En ese ambiente, cubrir o reducir directamente exposición de software es una palanca que gestores pueden activar. Otra es presionar a prestatarios para adoptar IA proactivamente —incorporando la tecnología dentro de productos y funciones de soporte para preservar adhesión de cliente. Ejecutivos de Apollo comunicaron a socios limitados que están trabajando con empresas de cartera para acelerar pilotos de IA incluso conforme reducen riesgo de crédito a nivel de fondo.

Sin duda, algunos inversores ven la IA como potenciador, no amenaza, para software empresarial. La automatización podría reducir costos de desarrollo, expandir mercados direccionables y profundizar análisis de clientes, va el argumento alcista. Pero la postura de Apollo destaca una división creciente: hasta que ganadores y perdedores sean más claros, asignadores de capital parecen menos dispuestos a tratar el sector como monolito.

Participantes veteranos del mercado trazan paralelos a la transición de principios de los 2000 de licencias en instalaciones a suscripciones en la nube. Esa transición finalmente recompensó proveedores ágiles y castigó rezagados —pero también creó episodios de volatilidad de préstamos cuando perfiles de flujo de efectivo cambiaron. La IA, con su potencial de rescribir no solo modelos de entrega sino conjuntos de características completos, podría comprimir ese período de ajuste.
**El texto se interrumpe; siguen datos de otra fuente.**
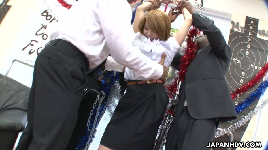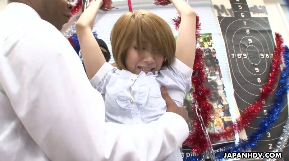 Three black dudes fuck Japanese co-worker Yuka Sawakita with crazy vibrators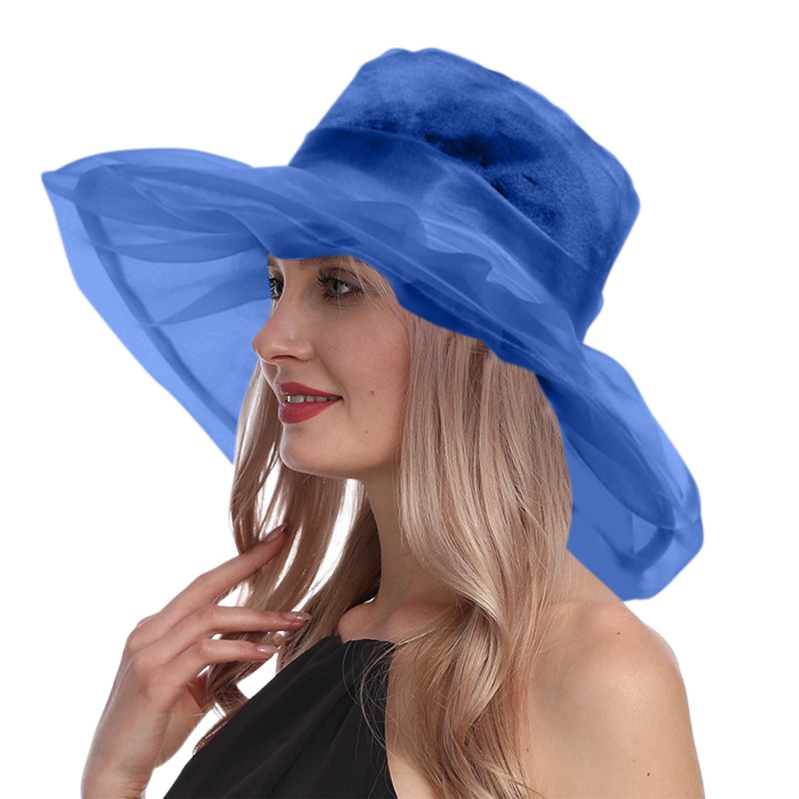 Женская широкая солнцезащитная шляпа из органзы, складная пляжная шляпа с защитой от ультрафиолета One Size синий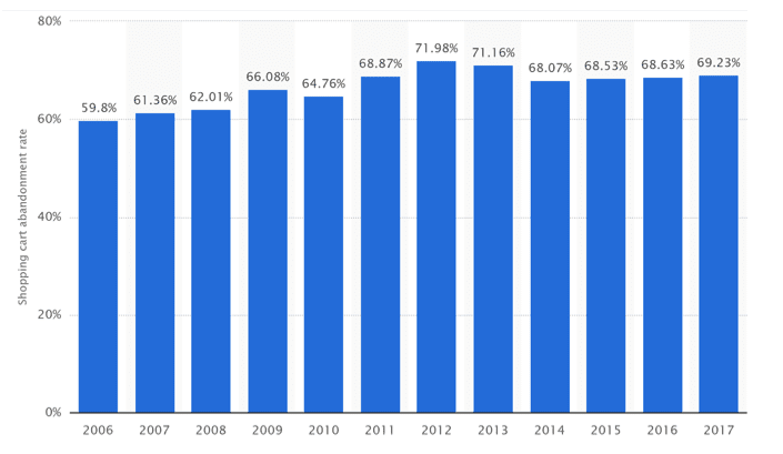 Online shopping cart abandonment rate worldwide from 2006 to 2017, Statista.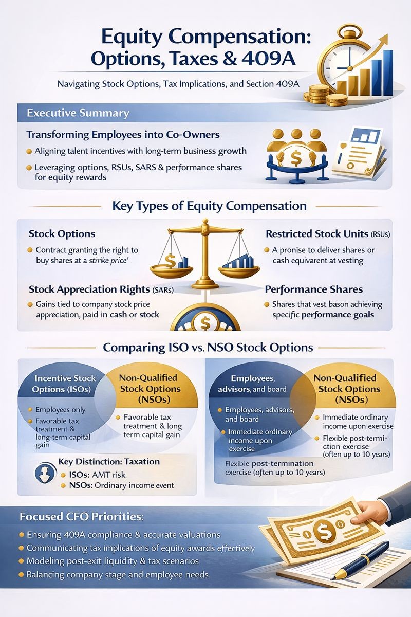 NSOs are often the instrument of choice for later-stage and public companies where liquidity is accessible and the ability to deduct compensation expenses is a strategic advantage. To maximize NSO effectiveness, CFOs should offer educational sessions, integrate modeling tools within HR portals, and provide proactive tax planning resources.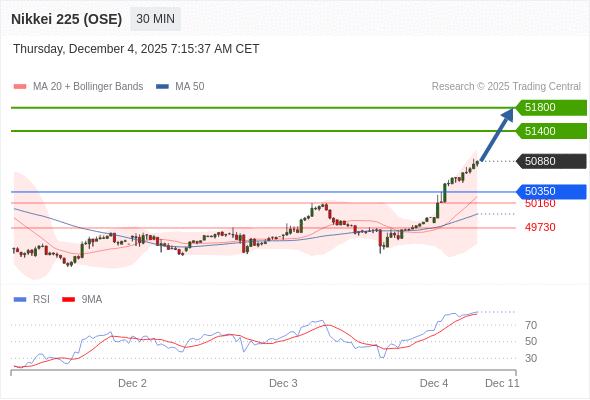 在 50350 之上,看涨,目标价位为 51400 ,然后为 51800 。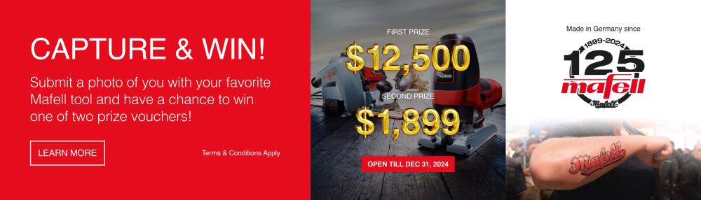 Click the Link above to submit a photo with your favorite Mafell tool: first prize wins $12,500 towards a purchase of Mafell tools next year (celebrating 125 years), and second prize wins $1,899 towards a purchase of Mafell tools next year (celebrating the founding in 1899). Our friends in Germany hope to do a livestream revealing the winners on social media next year. Looking forward to seeing your entries!

Ya sea que las posiciones cortas de Apollo den resultados sigue por verse. Si precios de préstamos permanecen firmes, las coberturas modestas podrían expirar con impacto mínimo en retornos. Si la adopción de IA acelera disrupción más rápido que lo actualmente modelado, sin embargo, las operaciones podrían amortiguar desempeño de cartera más amplio.

De cualquier manera, el reposicionamiento de la firma marca un punto de inflexión notable. Un sector una vez visto como joya de la corona del crédito privado ahora enfrenta suficiente incertidumbre que un asignador destacado está activamente apostando que partes de él tropezarán. Conforme la IA continúa su avance rápido, más gestores podrían concluir que el préstamo de software probado y verdadero ya no es la apuesta segura predeterminada que alguna vez pareció.